I haven’t found any reference to this fix when searching the Googles, so I’m dropping it out here. Comment if you find this useful.

While remediating the frequent updates to the W32/Qakbot/Pinkslipbot variants, I ran into an issue where the usual sandbagging-vendor response of “Oh, you don’t have all the latest patches? Call back when you do” was NOT going to cut it.

I’d been submitting the new variants to McAfee, like a good little soldier, and loading up the Extra.DAT files into our ePO server to make sure that they got pushed down to all of our workstation machines. Everything looked good, the Extra.DAT imported in okay, and tra-la, puppies and kittens for all, right?

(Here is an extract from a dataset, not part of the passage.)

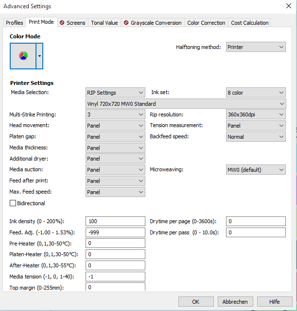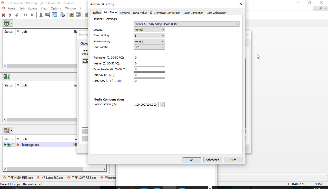 Wer sich den Druckmodus-Reiter mit einer Auflösung von 1280×720 anschaut, wird bemerken, dass die OK/Abbrechen/Hilfe – Knöpfe nicht mehr sichtbar sind: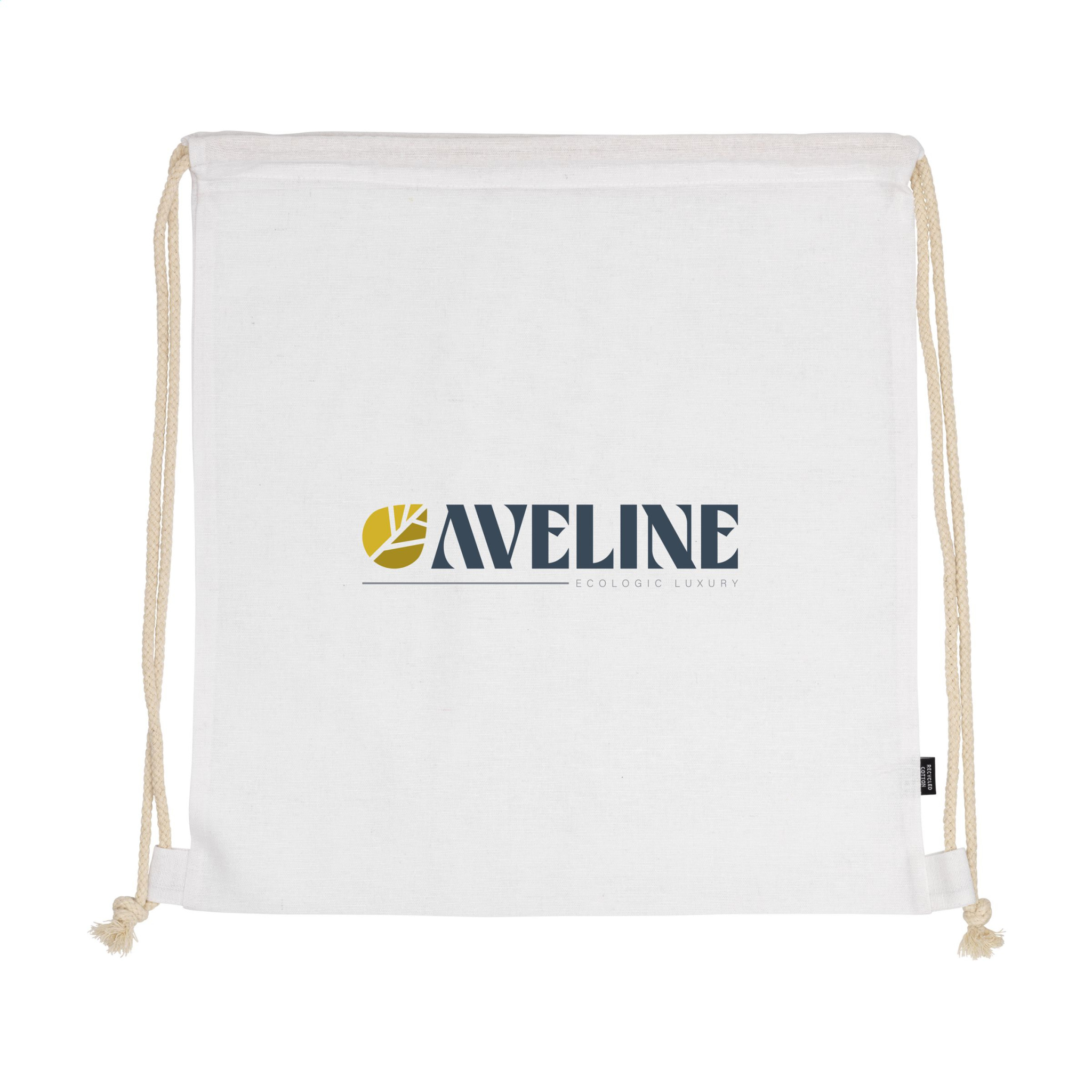WoW! Drawstring backpack made from 80% recycled cotton and 20% recycled polyester (150 g/m²). GRS-certified. Total recycled material: 100%. Capacity approx. 7 litres.

Yeah, not so much. See here’s a thing with McAfee AntiVirus 8.7 (with all patches, from my research), and being managed by ePO. Let’s say you get an Extra.DAT file to handle the new variant of W32.Akbot, and you push it down to your clients. Hooray! Good jawrb! And lo, it came to pass, that production DAT files come out that handle detection and removal better than the off-the-cuff Extra.DAT file, so you pull the Extra.DAT out of production.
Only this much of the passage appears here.